INTRODUCTION
Preface
In 1848 Marx and Engles wrote "Modern industry has established the world market ... All
old established industries have been destroyed or are daily being destroyed ... In place of
the old local and national seclusion and self-sufficiency, we have universal inter-
dependence of nations. As in material, so also in intellectual production. The intellectual
creations of individual nations become common property." (Kobrin, 1991). This was true
in the middle of the 19th century and it is even truer today. At the dawn of a new
millennium we enter the four dimensional invisible continent described by Kenichi Ohmae.
The dimensions of this world are old economy commerce; a borderless world in which
capital moves around, chasing the best products and the highest investment returns
regardless of national origin; the cyber-world; and the high multiples awarded to new
economy stocks which underpin the pensions of many people (Ohmae, 2000). In this
chaotic New World, it is especially important that the knowledge transfer be as fast and
accurate as possible.
In this chapter, the background to the research issue, technology transfer to
multinational medical device and pharmaceutical companies manufacturing in Ireland is
introduced. The reason that this area was chosen as a subject for study is elucidated. The
specific research questions are outlined. The expected benefits of the research are
presented. And finally an outline of the thesis is presented.
Background to the Research
The author is employed in Ireland by a multinational medical device manufacturer. He is a
knowledge worker with higher degrees in technology. At the beginning of his period of
employment he was sent as part of a team for over 6 months to the firm's American
headquarters. The team members' objective was to assist with the completion of the
development of a new manufacturing process and learn as much about it as necessary to
transfer the technology back to Ireland.
The first objective was achieved very successfully and the talented Irish knowledge
workers made a major contribution to the completion of the development work and its
introduction into operation in the USA. However, when the technology was transferred
to Ireland a short time later, a number of difficulties were encountered with the transfer
process. And while all these difficulties were overcome, the question was asked about
why they occurred and how the process could have been managed better.
Technology Transfer
A detailed account of research on technology transfer is presented in Chapter 2. In
general, Technology Transfer is the transfer of a process, product manufacturing
knowledge, or other technical equipment or know-how from one organisation or
individual to another. The term has different meaning depending on the context. Within
one nation Technology Transfer often refers to the transfer of a new idea or invention
from a University or Government research institution to a private firm for
commercialisation. Technology Transfer may refer an inter-firm licence transfer of
intellectual property such as know-how, patents, trademarks, copyrights, blueprints, trade
secrets, methods, formulas, customer lists, manuals, etc.

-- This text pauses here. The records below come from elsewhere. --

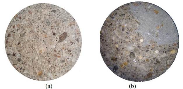 | Figura 8. Imagen microscópica del corte transversal de la probeta sin aditivo (a) y con aditivo al 2% (b), ambos tras la rotura a los 28 días. Imágenes con zoom de aumento de 35x. | ||||
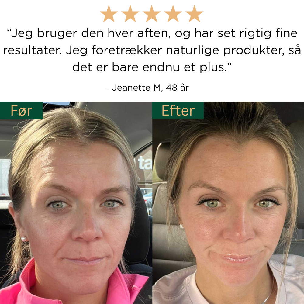 Interessant nok er det, mange af vores kunder først bemærker, færre mørke rander under øjnene og fine linjer. Nogle oplever det efter blot 7 dage.
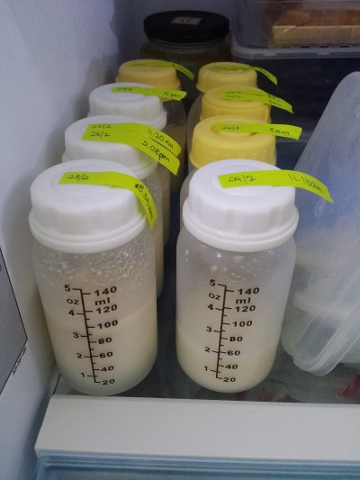 I also learnt another useful tip from a mama. Instead of using a hot towel, fill a baby’s bottle with hot water instead. Roll it on the affected area as you pump. The bottle loses heat less quickly. Wrap it in a towel before rolling it on your boob. You don’t want to scald yourself!
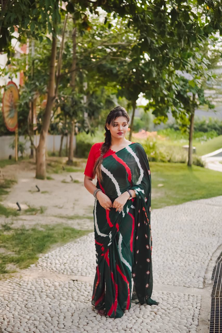 - This saree is a statement piece, blending ancient tie-dye artistry with a modern, dynamic pattern—it’s designed to make you stand out beautifully at any occasion.
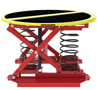 The PalletPal 360 Spring Pallet Positioner / Level Loader is the original, automatic, self-leveling, spring pallet leveler that makes loading and unloading pallets faster, safer and easier. This simple, automatic load leveler uses a system of springs and shock absorbers to lower and raise loads as boxes are added or removed from pallets. A turntable top allows nearside loading and unloading. No power or air supply is required. Pallet loads up to 4,500 lbs can be easily handled by this spring leveler.
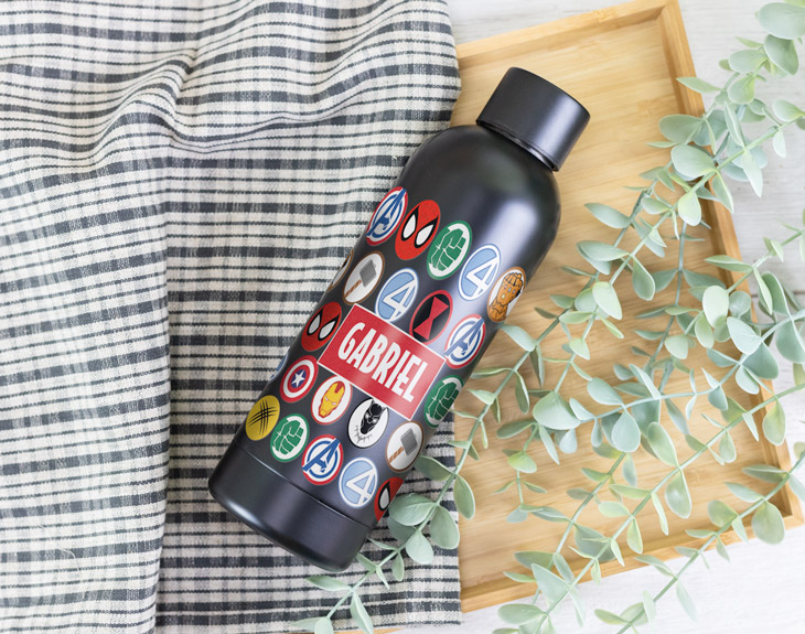 Las películas de superhéroes son las mejores porque tienen de todo: acción, drama, comedia... Si tienes todo el merchandising de tus héroes favoritos, nuestra botella VIP personalizada te va a encantar y va a ser toda una necesidad en tu día a día. Su diseño es perfecto para los auténticos fanáticos del universo Marvel, que disfrutan de las aventuras de superhéroes contra villanos. ¡Será el mejor regalo del mundo! Hidratarse y beber mucha agua todos los días es muy importante. Por eso, necesitas esta original botella para tener agua o tu bebida favorita siempre a mano. Hecha de acero inoxidable, es ideal para mantener tu bebida fría o caliente durante mucho tiempo. Además, cuenta con un tapón para poder transportar cualquier bebida y evitar que se derrame el líquido que hay dentro. Pero para tener tu botella a medida, elige el color que más te guste: negro, rosa, azul o dorado. ¡Hay para todos los gustos! Sorprende a esa persona tan especial y fan de Marvel personalizar esta botella. Primero, elige el color que más te guste y después escribe el nombre que quieras en el espacio vacío. Podrás ajustarlo para que quede perfecto y visualizar cómo quedará el diseño al completo. Una vez hayas terminado, podrás finalizar la compra y recibir esta súper botella. ¡Todo el mundo querrá una igual! Altura de la botella: 22 cm. Diámetro de la base: 6,5 cm. Capacidad: 550 ml. Colores disponibles: rosa, dorada, azul y negro. Material: Acero inoxidable.

This study is concerned with International Technology Transfer, which refers to the
transfer of technology across national boundaries. There are five generic categories
(Simon, 1991): (1) international technology market; (2) intra-firm transfer; (3)
government-directed agreement or exchanges; (4) education, training, conferences; (5)
pirating or reverse engineering. The first two are generally of most interest to business,
although business is also concerned to limit its losses as a result of the last.
Three classes of Technology Transfer can be distinguished. Material-transfer is the
transfer of finished goods, which some do not consider to be technology transfer since
"know-how" is not transferred. Design-transfer involves the transfer of designs,
blueprints, and the know-how to manufacture previously designed products and
equipment. Capacity-transfer is the transfer, not just of the capability to manufacture
existing products, but of the capability to adapt existing products and develop new ones.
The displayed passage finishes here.